Exp: What is the impact of these modifications on the size of the dataset?
Since I converted all of the grayscale images (1 layer) from IAM-DB to RGBA (4 layers), I wondered how heavier it made the dataset. If gaining 3% of accuracy points means having to increase the computation cost because of the size of the data, I figured it would be something interesting to look more closely.

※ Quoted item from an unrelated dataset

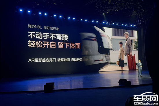 尾部造型圆润且饱满,两侧尾灯组造型与腾势Z9非常相似,扁平且狭长,有效拉宽了车尾宽度,看上去更稳重。值得一提的是,新车可通过脚踩地面上的AR投影实现后备厢感应开启。

I get the following in the case of the IAM dataset (only regarding trainset
, testset
, validationset1
and validationset2
):
- original dataset: 626Mb
107M ../get_iam/iam_pairs/testset/
325M ../get_iam/iam_pairs/trainset/
52M ../get_iam/iam_pairs/validationset1/
62M ../get_iam/iam_pairs/validationset2/
- dataset converted to rgba: 929Mb
181M ../get_iam/iam_pairs_rgba/testset/
550M ../get_iam/iam_pairs_rgba/trainset/
87M ../get_iam/iam_pairs_rgba/validationset1/
103M ../get_iam/iam_pairs_rgba/validationset2/
- rgba dataset "blended": 3.1 Gb (3187Mb)
611M ../green/iam_pairs_blended/testset/
1.9G ../green/iam_pairs_blended/trainset/
287M ../green/iam_pairs_blended/validationset1/
309M ../green/iam_pairs_blended/validationset2